Locals, startled at the Blakeley case and the county’s caprices, have eloquently expressed outrage.

Defenders of the rulings might argue that their particulars prohibit linking them, but the details are less important than the ironic trend they exemplify. The growing wine industry and its votaries, exploiting the county’s professed commitment to agriculture and a semi-rural lifestyle, are displacing the very tradition that made the valley attractive.

Long reputed for farming and fine grapes, Napa Valley today is increasingly known as a tourist destination. There are more wineries every year. Challenged to score shelf space in a crowded market, they rely increasingly on visitors to buy their products and on special events to promote them.

So, attracted by a superior product, rural loveliness, and relentless marketing, visitors throng the valley. Local housing, otherwise available for the growing wine industry’s lower-paid hospitality and field workers, goes increasingly to part-time occupants attracted to the tony wine world; so real estate prices rise and the workers must commute (witness traffic on Highway 29). Meanwhile, new settlers love the glamour, but not necessarily the grit; hence, the Blakeley case.

Either by economics---or by fiat---the soul of Napa Valley suffers.

Soul, a respect for the essence of things, refers to connection, depth, history, and beauty; less to money. Napa County’s professed primary activity, agriculture, is literally and soulfully connected to its landscape: farming and related services like Blakeley actually work the dirt. Tourism by contrast is a derivative industry, sparkling, meretricious. It generates loads of money, so municipalities and chambers of commerce love it. I do too---until it smothers soul. We are at that critical point now.

Napa is losing its soul when it: refers relentlessly to economics but not to aesthetics; promotes development and a tourism that degrade its semi-rural experience; can’t find a way to protect an Upvalley tradition like Blakeley Construction but has no problem approving a wayward winery’s requests for more visitors.

Tourist revenue may console a county losing its heritage, but extreme tourism confounds residents who believed in Napa’s commitment to its semi-rural character. It’s sad to see the soul of a community sold for a tsunami of tourists. And even tourists, in clogged traffic and perfect tasting rooms, will recognize soulless inauthenticity and eventually disparage “Napafication.”

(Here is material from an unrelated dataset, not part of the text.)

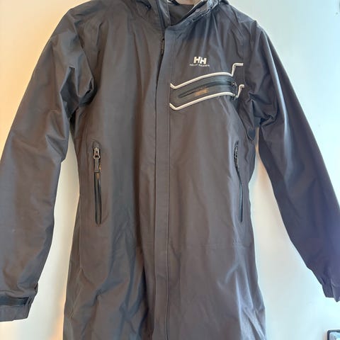 Lett regnjakke fra Helly Hansen. Selges da den er blitt for liten. Har fleeceforet hette. Jakken har også en funksjon slik at man kan pakke inn hetten inn i kragen.
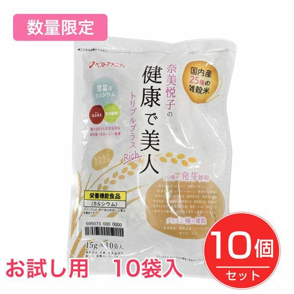 他の画像を見る 奈美悦子の健康で美人 国内産25種雑穀米 トリプルプラス リッチ Rich 15g×10袋×10個セット - ベストアメニティ 販売価格 ¥ 4,980 税込 会員価格あり 送料無料 在庫切れ 「奈美悦子の健康で美人 国内産25種雑穀米 トリプルプラス リッチ Rich 15g×10袋」は、タレントで雑穀アドバイザーの奈美悦子さんがプロデュースした25種雑穀米です。 再入荷お知らせ お気に入りに登録する

If soul were strictly a local issue, I wouldn’t offer my poor scribbling here: Calistoga, with hundreds of new resort rooms recently approved, has already rolled its dice.

But the soul of the county may still be salvaged if applications for even more visitors and events are denied. We can appreciate the wine industry---and simultaneously cap its expansion, arrest Napa Valley’s urbanization.

The Blakeley case shows the exploitation of our county has unexpected consequences. Where will it happen next?